At four we meet up in the lobby to head out for a viewpoint the other side of the river from the Taj, this will involve a long coach trip along narrow streets, clogged with all sorts of traffic, and again to the soundtrack of two thousand horns.
The tip was worth it on its own, gaudy neon lit shops, to stalls and shacks set up in the gutter, and all along, tuk-tuks pulling up to pick up or drop of passengers, and mad motorcyclists and moped riders trying to get through the narrowest of gaps.
It was an amazing free show.We came to the view point, with a mile walk from the car park to the park, and in the late afternoon heat past beggars, hawkers and stalls selling pop and cold water along with endless tat.

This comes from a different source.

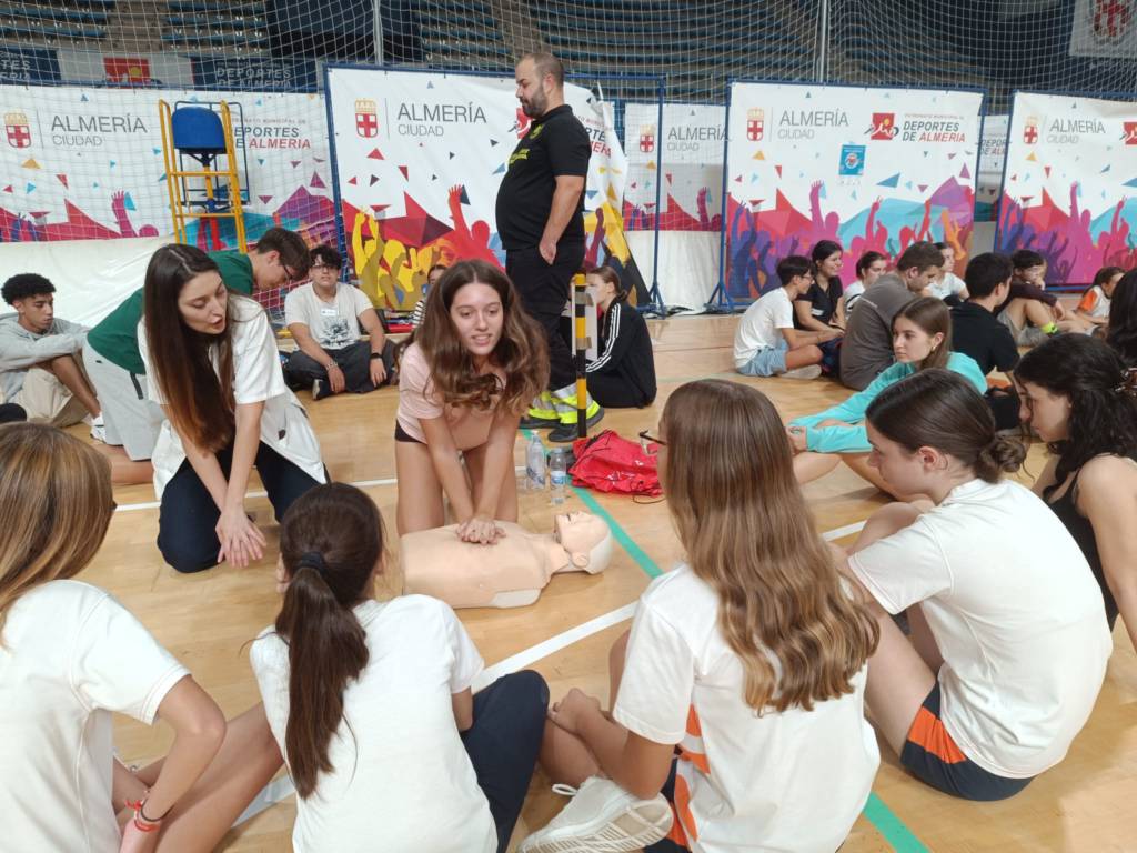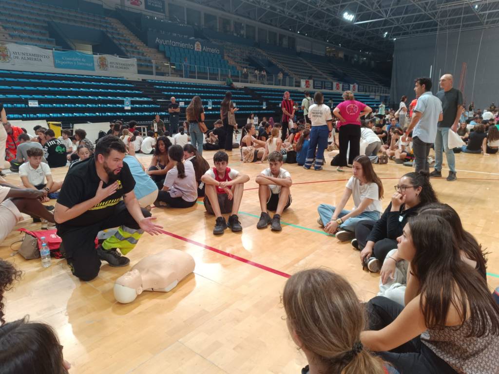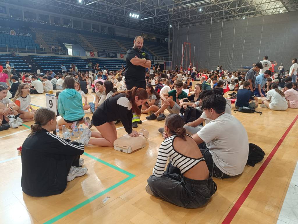 El alumnado de 3º ESO y Formación Profesional Básica Específica de Agrojardinería del IES Maestro Padilla ha participado en la Cardiomaratón 2025, que se realizó el pasado día 16 de octubre,  con motivo del Día Europeo ante la Parada Cardíaca. Tuvo lugar en el Pabellón de los Juegos del Mediterráneo de Almería, actividad que se celebra desde el año 2013 y organizada por la Consejería de Salud y el Centro de Emergencias Sanitarias 061 en Almería en colaboración con la Delegación Territorial de Desarrollo Educativo y FP. La actividad ha consistido  en una explicación práctica con maniquíes de simulación de Reanimación Cardio Pulmonar y llevada a cabo por monitores voluntarios sanitarios, de protección civil, y de los cuerpos y fuerzas de seguridad del Estado. Ha permitido a nuestro alumnado formarse en las técnicas básicas sobre cómo actuar ante una parada cardiorrespiratoria (PCR), cuándo utilizar la posición lateral de seguridad, cuándo y cómo llevar a cabo una reanimación cardiopulmonar (RCP) y conocer la maniobra de Heimlich, actividades todas ellas “SALVADORAS DE VIDA”. Queremos agradecer a los monitores voluntarios sanitarios, de protección civil, y de los cuerpos y fuerzas de seguridad del Estado su implicación todos los años en el desarrollo de estas actividades tan importantes para nuestro alumnado, y agradecer también al profesorado por colaborar en dicha actividad.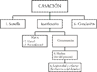 La casación es un género discursivo que contiene una estructura fijada por el uso y que comprende la sumilla, la justificación (conformada por los vistos y los antecedentes), el repaso de los hechos, los fundamentos de derecho y la conclusión (decisión). Esta estructura es una instancia de la secuencia argumentativa propuesta por Van Dijk (1992):

Through the park and through a small wood, with monkeys and small striped squirrels scattering, clambering onto a low and wide wall, there was the Taj in the late afternoon sun.
Jools arrived, flushed and overheating as she had not worn her hat. I gave her my water as well as her own, and sitting in the shade for 45 minutes she began to feel better.
The sun went down, we got shots, then ambled back to the car, all of us stopping to buy ice cold drinks from the shack, then along the road, nearly a mile to the bus park, past a huge park where young men were playing rough cricket in the gathering dusk.
Onto the bus, air con to full, and we lurch off once again, back the way we came, though this time in darkness. Quite how more people are not killed is beyond me.
Neon lit up the night, bells clanged in shrines, and families strode around looking for bargains, or young men looking for young women. Back along to the bridge, then over the river as its still surface mirrored the pastel sky, and into darkness the other side, as the headed back to the hotel.
Horns redoubled as the coach bounced along the rough roads, round the big roundabout near the main entrance to the Taj, before turning sharp left into the hotel grounds, where there was still time for dinner.
Though we were hot and bothered, we ate and drank, but soon bed was calling, as it seemed bright idea to get up the next morning early to catch wheels at five and see sunrise from beside the Taj Mahal.